Amazon’s AWS for instance has tools and features for customers to help them create resilient and available applications and infrastructures. Each of the regions where the AWS infrastructure is located consists of what Mr Robinson describes as 'availability zones' (AZs), made up of one or more data centres.
“AZs are distinct locations that are engineered to be insulated from failures in other AZs and provide inexpensive, low-latency network connectivity to other AZs in the same region. For example AZs are each on different tier-one networks, different electricity grids, different flood plains and different seismic zones. If one AZ were to fall off the face of the earth, all other AZs in the same region would still operate seamlessly. This gives customers the opportunity to architect their applications across multiple AZs in the same region to build highly available and resilient applications and infrastructures.”
This approach has been so successful among AWS's customers that one of them, on-demand internet streaming media provider Netflix, used Amazon’s tools and then built a program based on Amazon’s tools, called Chaos Monkey, which is designed to purposely cause failure in order to increase the resiliency of their applications. It randomly disables parts of the technology infrastructure to make sure it can survive common types of failure without any customer impact, says Mr Robinson. “The goal is to have a system so resilient that a failure at 3am on a Sunday will not even be noticed,” he adds. Netflix has now open-sourced this tool to other enterprises.
A greener approach
There is another, undeniable, advantage of the cloud, and that is how environmentally friendly it is. Back in 2007, IT accounted for 2% of the global carbon footprint, according to calculations by McKinsey. By 2020, this will have doubled.

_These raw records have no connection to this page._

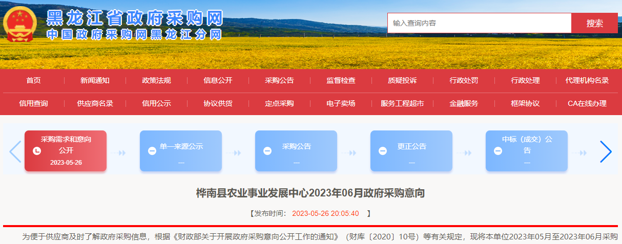 樺南縣農業事業發展中心2023年06月政府采購意向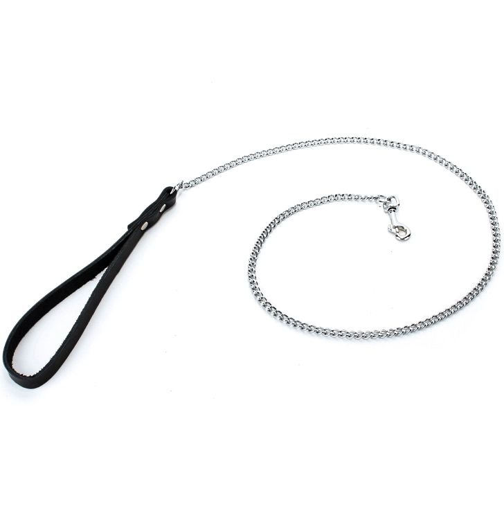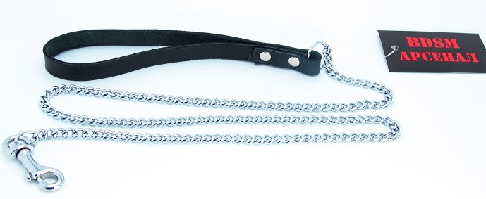 Стильный поводок из ручки черного цвета, выполненной из натуральной кожи, и металлической цепи с никелевым покрытием.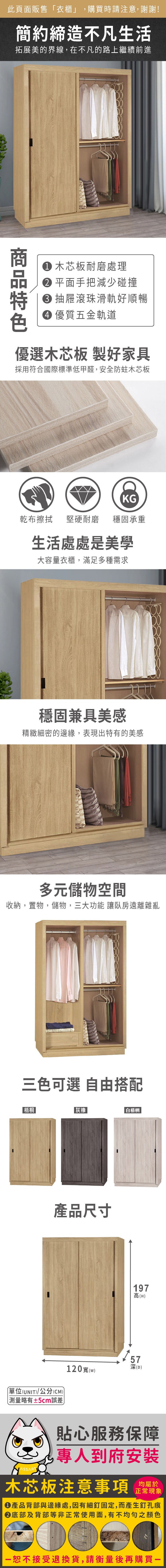 【直人木業】HAPPER北歐風滑門衣櫃118公分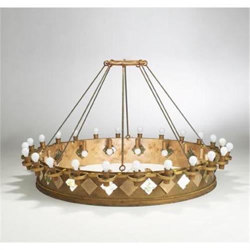 71 dia x 51 h inches<BR><BR>Condition: Scattered superficial scratches, minor points of loss to finish and soiling throughout. Armatures show loss to enamel with subsequent corrosion to steel. Wiring has not been tested. Overall good vintage condition.

Data centres use a lot of energy because they run non-stop and have to be kept cool to prevent the machines from overheating, which is why many are located in colder climates. But as more companies move at least part their workflow to the cloud, propriety data centres will use much less energy, thus cutting back the overall carbon footprint.

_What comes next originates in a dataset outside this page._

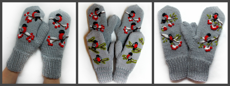 Спасибо))) Снегири - фелтинг, а остальное - вышивка))) В рисунок на манжете - самая простая косичка))) Набираете на спицы четное количество петель. Провязываете два ряда, чередуя две лицевые и две изнаночные, в каждом третьем ряду перекрещиваете лицевые петли)))
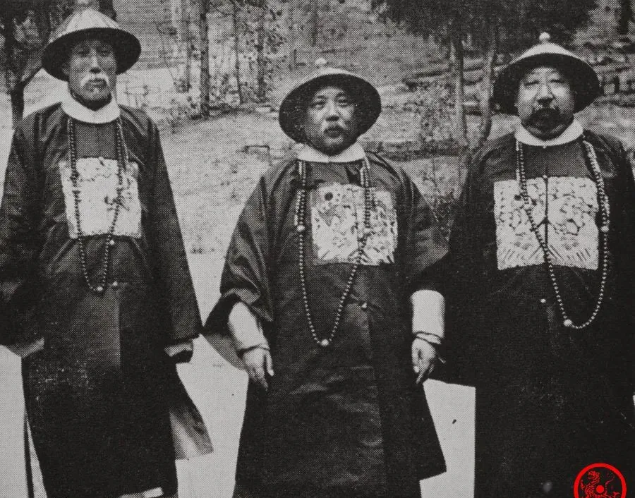 这张照片中站中间的矮胖滚圆那个,就是袁世凯了,头圆脖子粗,旁边两个同僚也是一身官服,袁世凯那身上肥布朝服,映得帽子都小了一个码,脑瓜顶起的大帽檐压着也是一股端劲

Google, for example, prides itself on the fact that it uses less energy than what the company refers to as a “typical data centre”. It buys green power from wind farms near its data centres and provides investment for new wind projects. On a website dedicated to its green ambitions, Google explains that another tactic is keeping the temperature on the server floors at 27 degrees Celsius, so that “we don’t need as much energy-intensive air-conditioning, and our employees get to wear shorts to work”.